This Review Panel was provided with Plaintiffs' position statement and exhibits (including affidavits of the four named Plaintiffs detailing aspects of their work histories and relationships with TEPI and with the Third-Party Contractors) as well as a supplemental submission by Plaintiffs' counsel. The panel was also given an unsigned "Position statement of the Plan Administrator of the ChevronTexaco Corporation Retirement Plan and the ChevronTexaco Corporation Employee Savings and Investment Plan Regarding Administrative Review Remand to a Review Panel Regarding Alton C. Schultz, Jr., Elaine B Jackson, Gladys Criddle, and Harold J. Weber, Jr.," including voluminous exhibits, that had apparently been prepared within the ChevronTexaco Legal Department (the Court will refer to this document, which is annexed to the 10/2004 Bloom Affidavit as Ex. LL, as the "CVX PA Pos. Stmt."). The CVX PA Position Statement included extensive arguments as to why Plaintiffs' claims for benefits under the plans should be denied, advised the Review Panel that "common law" employee status was irrelevant to their determination and that "what [Defendant] Stoner concluded in her original consideration or what she may have said in her deposition are in no way binding on this Review Panel and have minimal (if any relevance) [sic] remaining relevance." (Ex. LL to 10/2004 Bloom Aff.) Among the exhibits submitted to the Review Panel with the Plan Administrator's Position Statement were an affidavit by an individual named Glenn Phillips, who asserted that he had been employed in Texaco's Human Resources Department from 1984 until the merger with Chevron, and that,

Based on [his] personal experience and knowledge as a Texaco Human Resources employee, a worker who was not a formal Texaco employee but whose services were obtained by Texaco either through a direct contract with the individual or through a third party contracting agency were both [sic] commonly referred and characterized within Texaco as independent contractors.

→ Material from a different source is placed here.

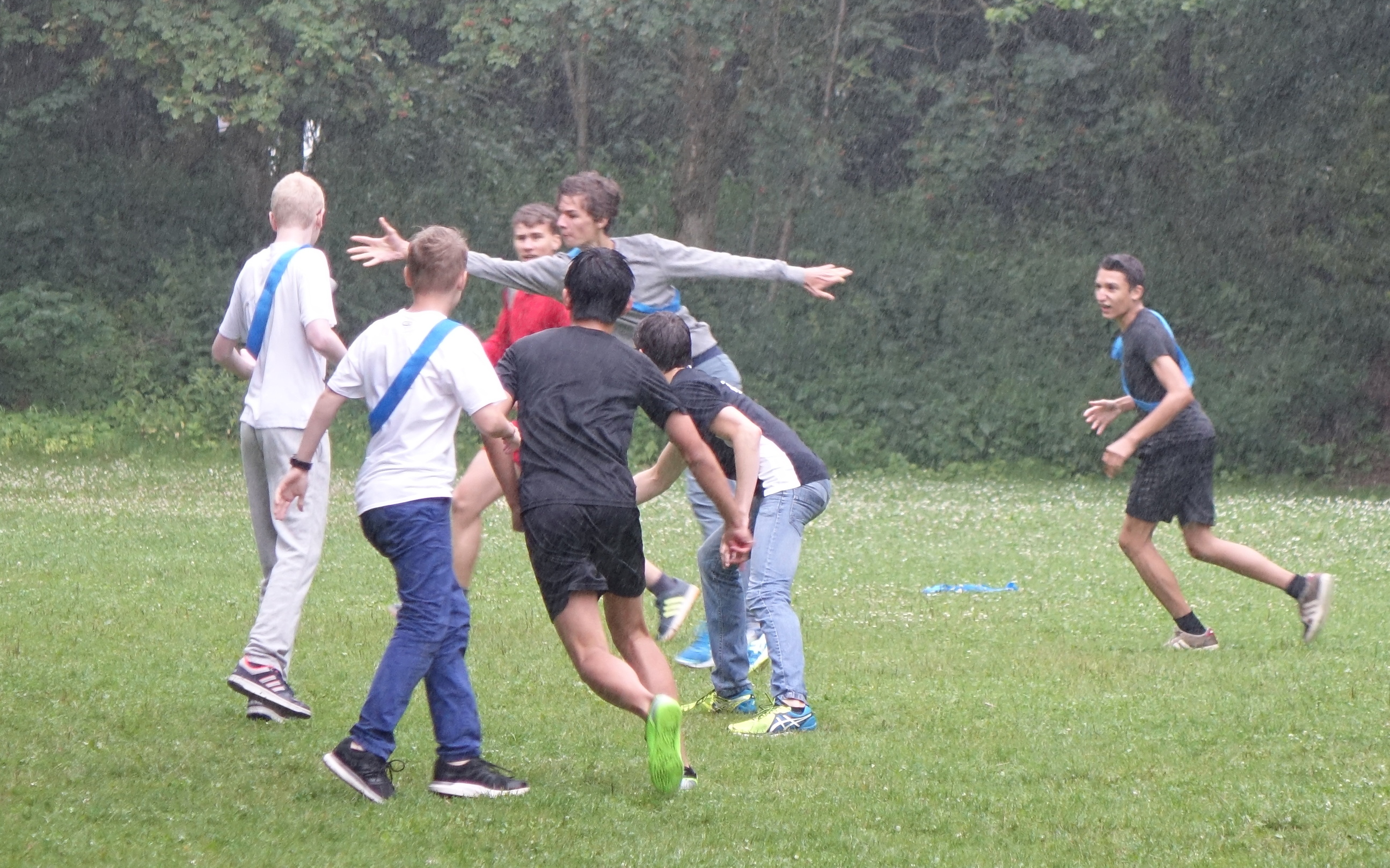 Fang“, ruft einer der Teilnehmer. Mit einem gewaltigen Sprung fängt sein Gegenüber das Frisbee trotz strömenden Regens. „Während eine Hälfte der Teilnehmer in kleinen Gruppen Computerkurse besucht, bieten wir für die andere Hälfte parallel verschiedene Freizeitaktivitäten an“, sagt Christian Gerstgrasser, Geschäftsführer des ComputerCamp für Kinder und Jugendliche von 10 bis 17 Jahren in Hohegeiß im Harz.

In terms of such common referral and characterization as independent contractors, no distinction was made between an individual retained directly by contract and an individual retained by contract through a third-party agency. Rather, if workers were not denominated and characterized as formal Texaco employees, they were commonly referred to and characterized within Texaco by the term `independent contractor.'

(Aff. of Glenn Phillips at ¶ 6, Ex. OO to Plan Administrator's Position Stmt.). The Plan Adminsitrator's Position Statement was also accompanied by affidavits from Texaco Legal Department personnel who asserted that they had participated in the preparation of the 1994 plan amendments and that the "characterized by or under contract with the Employer as an independent contractor" language in the 1994 versions of the Retirement and Thrift Plans was "intended to exclude from eligibility individuals who provided services to Texaco or one of its subsidiaries or affiliated companies through a third-party staffing agency even if, for some reason, those individuals were able to satisfy the eligibility criteria specified [in the plan] or if they did not satisfy the criteria for `Excluded Employees' set forth in [the plan]." (Aff. of Rex Iacurci at ¶ 14, Ex. FF to CVX PA Pos. Stmt; see also Aff. of Peter Stathis, Ex. GG to CVX PA Pos. Stmt.)

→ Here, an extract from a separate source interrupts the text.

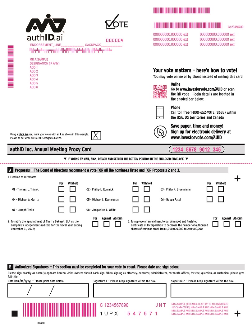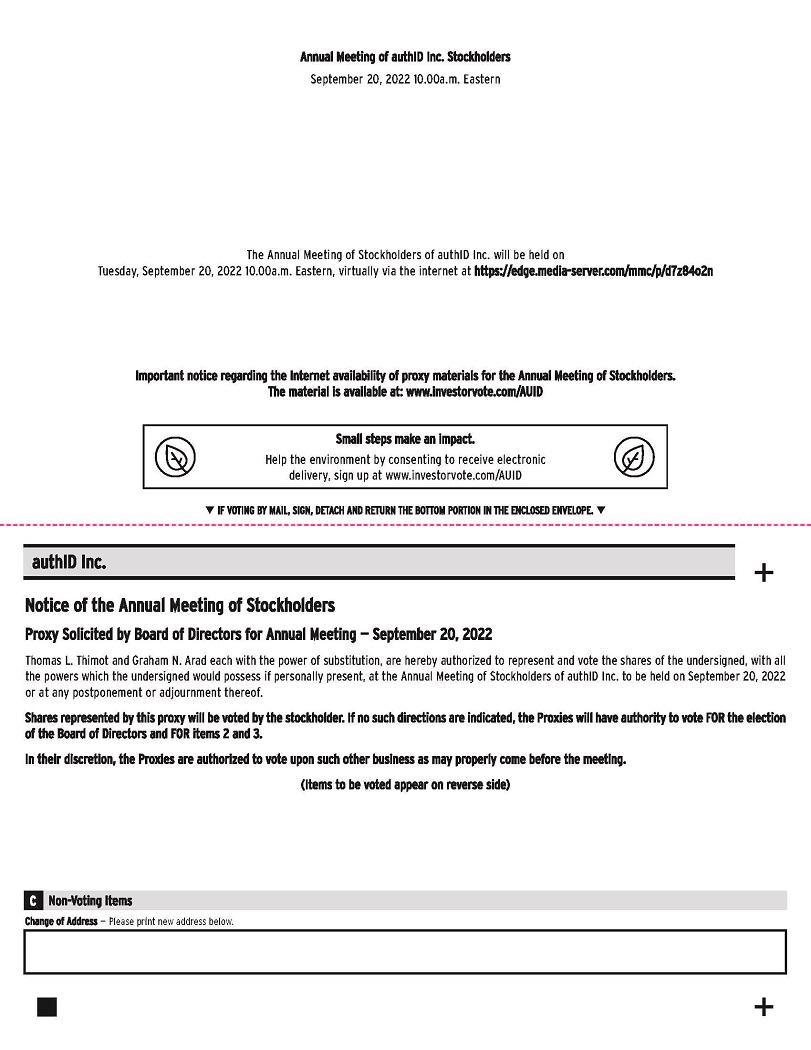 The 2022 Annual Meeting of Stockholders (the “Annual Meeting”) of authID Inc. (“authID” or the “Company”) will be held virtually by webcast, on September 20, 2022, at 10:00 a.m. Eastern Time, to consider the below proposals. Due to the public health impact of the coronavirus outbreak (COVID-19) and to support the health and well-being of our employees and stockholders, the Annual Meeting will be held in a virtual meeting format at https://edge.media-server.com/mmc/p/d7z84o2n.

The Plan Administrator's Position Statement did not proffer any advice to the Review Panel as to the fiduciary nature of its assignment or the requirements of the fiduciary duty provisions of ERISA, but it did encourage the Panel to reject "purported highly technical legalisms" in considering Plaintiffs' arguments as to the meaning of the 1994 Plans' phrase "characterized [by TEPI] as an independent contractor." (See Ex LL at 11-12.) The Review Panel did not seek out or receive any other legal advice and, when asked at deposition about such a provision, the panel member designated by ChevronTexaco to testify gave the following responses to questions relating to ERISA's exclusive benefit requirement:

Section 404(a) of ERISA provides in pertinent part that a fiduciary is to "discharge his duties with respect to a plan solely in the interest of the participants and beneficiaries and . . . for the exclusive purpose of . . . providing benefits to participants and their beneficiaries." 29 U.S.C.A. § 1104(a) (West 1999).

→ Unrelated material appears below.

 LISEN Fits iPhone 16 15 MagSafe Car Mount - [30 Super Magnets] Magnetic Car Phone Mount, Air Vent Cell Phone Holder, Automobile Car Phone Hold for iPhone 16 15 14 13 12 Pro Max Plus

Q And [the panel's decision] was for the exclusive benefit of plan participants and plan beneficiaries? A I don't know. I'm not sure I understand what you mean by that question. Q Well, when you're reviewing the facts and the plans, you're doing that for the exclusive benefit of plan participants and beneficiaries? A I don't know who all of those — I don't know. Q Well, are you doing it for your employer, ChevronTexaco, who has asked you to do it? A Correct. (30(b)(6) Deposition through Rhonda Morris at 91.)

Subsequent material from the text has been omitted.